▶ **Source data**:
=== Section Start ===
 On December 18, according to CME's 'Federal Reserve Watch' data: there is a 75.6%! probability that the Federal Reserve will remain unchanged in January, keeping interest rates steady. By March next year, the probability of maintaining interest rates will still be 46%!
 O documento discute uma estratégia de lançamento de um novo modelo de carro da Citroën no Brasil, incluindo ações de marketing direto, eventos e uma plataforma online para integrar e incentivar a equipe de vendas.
=== Section End ===
=== Section Start ===
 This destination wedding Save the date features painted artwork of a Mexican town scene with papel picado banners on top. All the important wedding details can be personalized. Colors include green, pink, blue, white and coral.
=== Section End ===
=== Section Start ===
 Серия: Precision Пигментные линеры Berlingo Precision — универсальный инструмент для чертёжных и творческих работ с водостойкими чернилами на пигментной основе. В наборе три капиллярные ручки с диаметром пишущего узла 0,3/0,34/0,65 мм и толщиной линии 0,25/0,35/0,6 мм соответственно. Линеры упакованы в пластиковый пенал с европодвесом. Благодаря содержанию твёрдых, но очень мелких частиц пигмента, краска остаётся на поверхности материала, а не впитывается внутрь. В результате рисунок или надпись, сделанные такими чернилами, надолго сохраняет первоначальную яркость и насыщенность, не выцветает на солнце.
=== Section End ===
▶ **Your objective**:
Reproduce exactly, and only, the part of the listing above that begins at the line with "On December 18, according" and goes on through the line with "O documento discute".

▶ **Reply to the task**:
 On December 18, according to CME's 'Federal Reserve Watch' data: there is a 75.6%! probability that the Federal Reserve will remain unchanged in January, keeping interest rates steady. By March next year, the probability of maintaining interest rates will still be 46%!
 O documento discute uma estratégia de lançamento de um novo modelo de carro da Citroën no Brasil, incluindo ações de marketing direto, eventos e uma plataforma online para integrar e incentivar a equipe de vendas.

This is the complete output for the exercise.